When people claim the right to marry, their sex or sexuality is not intrinsic to that right, although social prejudice makes it appear so. Moreover, it cannot be denied that a multitude of events and depictions in vastly different cultures, times, and places all point to the possibility of same-sex love and commitment being recognized and accepted.
Marriage is a universal rite of passage that can, in the right circumstances, become ‘the perfect ceremony of love’s rite’. Vanita examines the twin phenomena of same-sex weddings and same-sex joint suicides (mostly female) reported from many parts of India. She argues that these couples invoke long-standing but fluid Indian legal, religious, and literary-cinematic traditions to declare their love to the world when they marry or die together.

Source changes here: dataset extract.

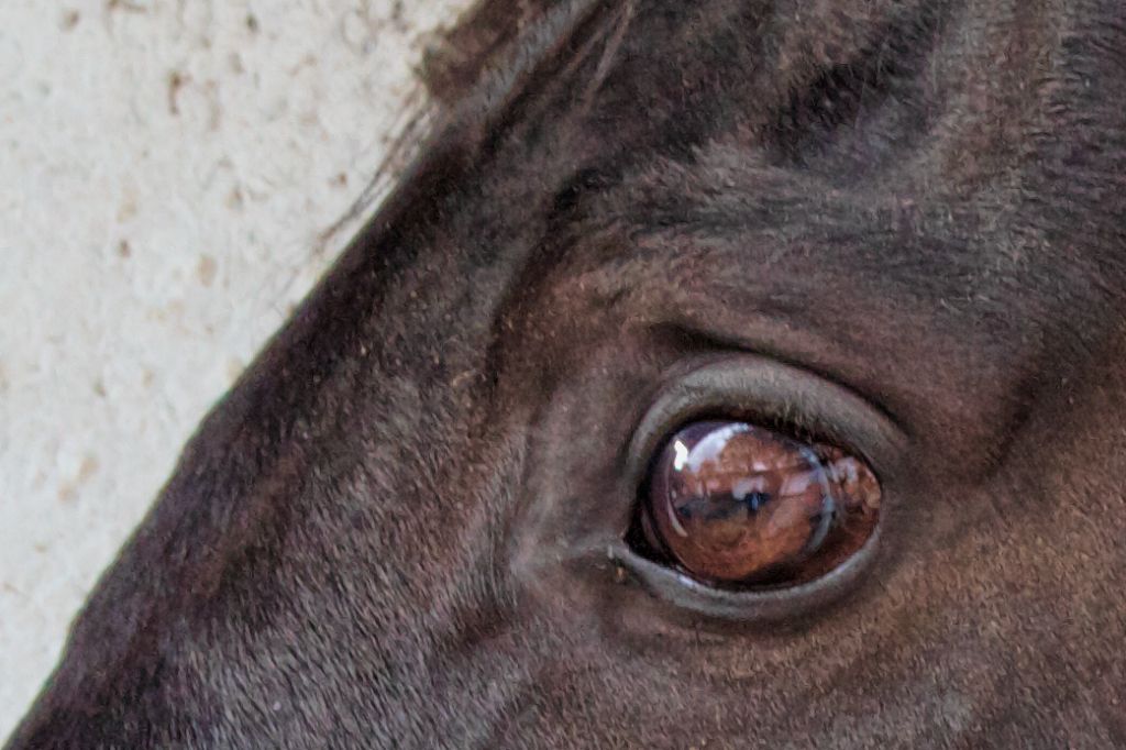 I was a bit intrigues by the catchlight in Rose's eye, so I went back to the original image and zoomed right in to get a close look. At 100% zoom you can clearly see the stable at the other side of the yard, the trees and sky above, then right in the centre there is me taking the photo. I was impressed with two things. The first was that Rose must have extremely clear, healthy eyes and secondly the new camera lens is amazing. I've not mentioned the demise of my old lens in the blog yet. If I ever get back up to speed I'll talk about it some time.

Using her intimate knowledge of ancient Indian textual history, the author demonstrates that same-sex love and relationships are deeply rooted in Indian culture–and compares the cultural and legal implications of same-sex marriage in India with those in the West.
The international debate on same-sex marriage is relevant to all democratic societies today. Ruth Vanita brings a fresh perspective to this debate, suggesting that same-sex marriage dwells at heart, not on the margins, of culture.
Raised and educated in India, Ruth Vanita divides her time between Gurgaon and Missoula. Her first novel, Memory of Light, appeared from Penguin in 2020. Her next book of poems, A Hidden Player, will appear from Copper Coin in 2022. She taught at Delhi University for 20 years; for 13 years, she was active in the women’s movement and worked as co-editor of India’s first nationwide feminist magazine, Manushi, of which she was a founder. She is the author of many books on same-sex sexuality in Indian and British literature; her next book, The Dharma of Justice in the Sanskrit Epics: Debates on Gender, Varna and Species, will appear from Oxford University Press in 2022.